> _REQUIRED WORK_
Give back the data exactly, with no images.

Records contained in a dataset

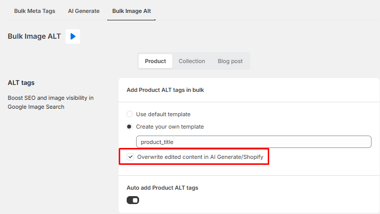 If you already add the ALT tags in Shopify or in our Manual Meta tags feature and now want to use the template to apply to all the ALT tags of your products, kindly choose to overwrite edited content in AI Generate/Shopify.
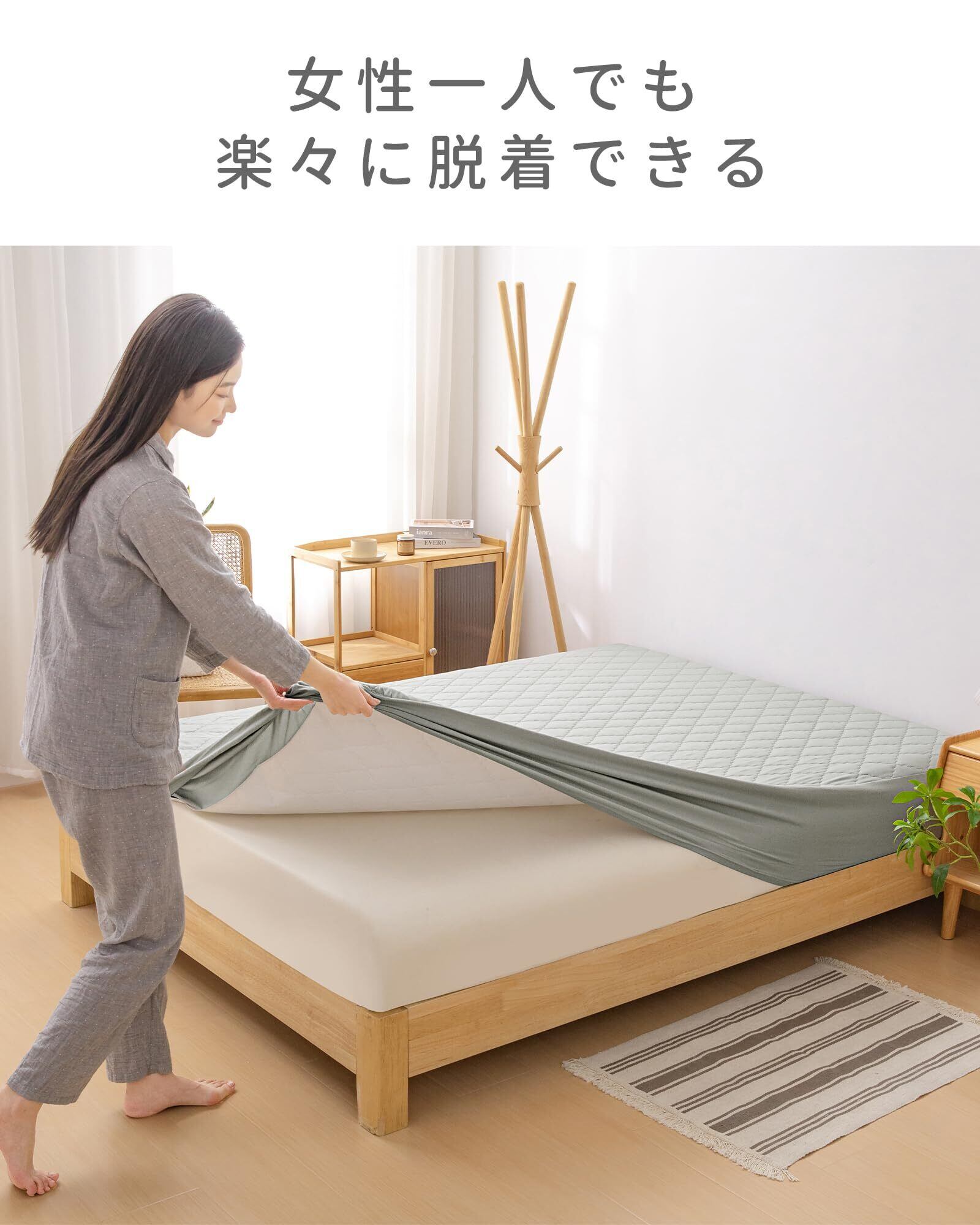 全周ゴムで簡単フィット四隅に強化ゴムバンドを採用し、5〜30cmの厚みのマットレスにも簡単にフィット。取り付けや取り外しも手軽にできます。
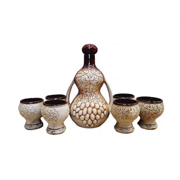 Набор для вина, ORIENS, Керамика, Амфора, 1.6Л, Резка, 6 стаканов, С крышкой
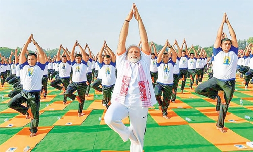“In a world where ideologies of hate can potentially divide brother from brother, Yoga stands as a unif y i n g force,” Modi wrote. “In a time where health ailments, especially stress-related ailments are rising, Yoga is giving relief and joy.” The theme of this yoga day, the fifth, is “climate action” and Modi said yoga can “foster oneness... with all the flora and fauna with whom we share our beautiful planet”. In recent days Modi, 68, fresh from a landslide election victory, has also posted videos to social media featuring an animated version of himself performing different yoga postures.
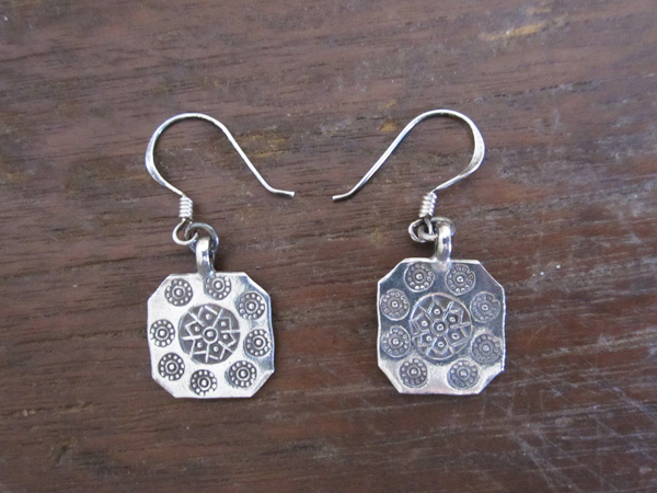 カレン族925シルバーで作られたお花の刻印が可愛いフックピアスです。
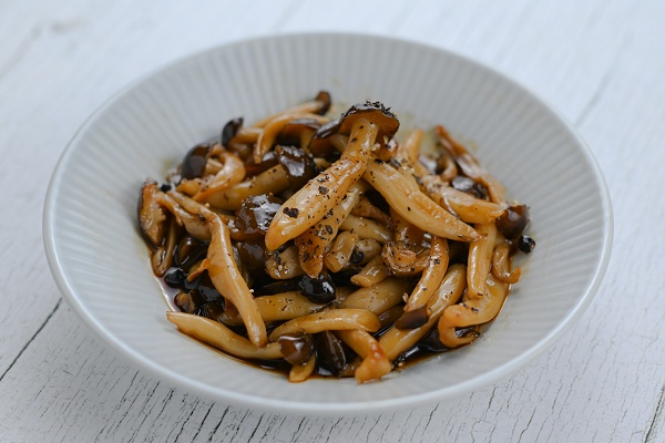 スペシャルきのこマイスター・木内氏が特製のオイスターソースで仕上げ、しっかりとした旨みと香ばしさが、ぶなしめじのおいしさを引き立てる「ぶなしめじのオイスターソース焼き」と、
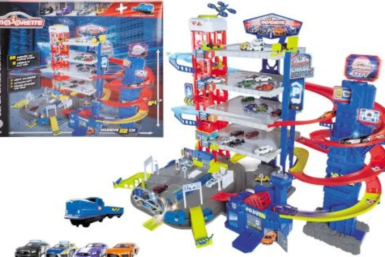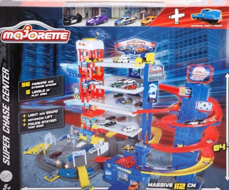 „Majorette – Super Chase Center – Parkhaus mit 6 Etagen, mit Verfolgungsjagd, Parkgarage für Kinder ab 5 Jahren, inkl. Spielzeugauto s, Zug, Aufzug, Licht & Sound

> _RESULT_
 If you already add the ALT tags in Shopify or in our Manual Meta tags feature and now want to use the template to apply to all the ALT tags of your products, kindly choose to overwrite edited content in AI Generate/Shopify.
 全周ゴムで簡単フィット四隅に強化ゴムバンドを採用し、5〜30cmの厚みのマットレスにも簡単にフィット。取り付けや取り外しも手軽にできます。
 Набор для вина, ORIENS, Керамика, Амфора, 1.6Л, Резка, 6 стаканов, С крышкой
“In a world where ideologies of hate can potentially divide brother from brother, Yoga stands as a unif y i n g force,” Modi wrote. “In a time where health ailments, especially stress-related ailments are rising, Yoga is giving relief and joy.” The theme of this yoga day, the fifth, is “climate action” and Modi said yoga can “foster oneness... with all the flora and fauna with whom we share our beautiful planet”. In recent days Modi, 68, fresh from a landslide election victory, has also posted videos to social media featuring an animated version of himself performing different yoga postures.
 カレン族925シルバーで作られたお花の刻印が可愛いフックピアスです。
 スペシャルきのこマイスター・木内氏が特製のオイスターソースで仕上げ、しっかりとした旨みと香ばしさが、ぶなしめじのおいしさを引き立てる「ぶなしめじのオイスターソース焼き」と、
 „Majorette – Super Chase Center – Parkhaus mit 6 Etagen, mit Verfolgungsjagd, Parkgarage für Kinder ab 5 Jahren, inkl. Spielzeugauto s, Zug, Aufzug, Licht & Sound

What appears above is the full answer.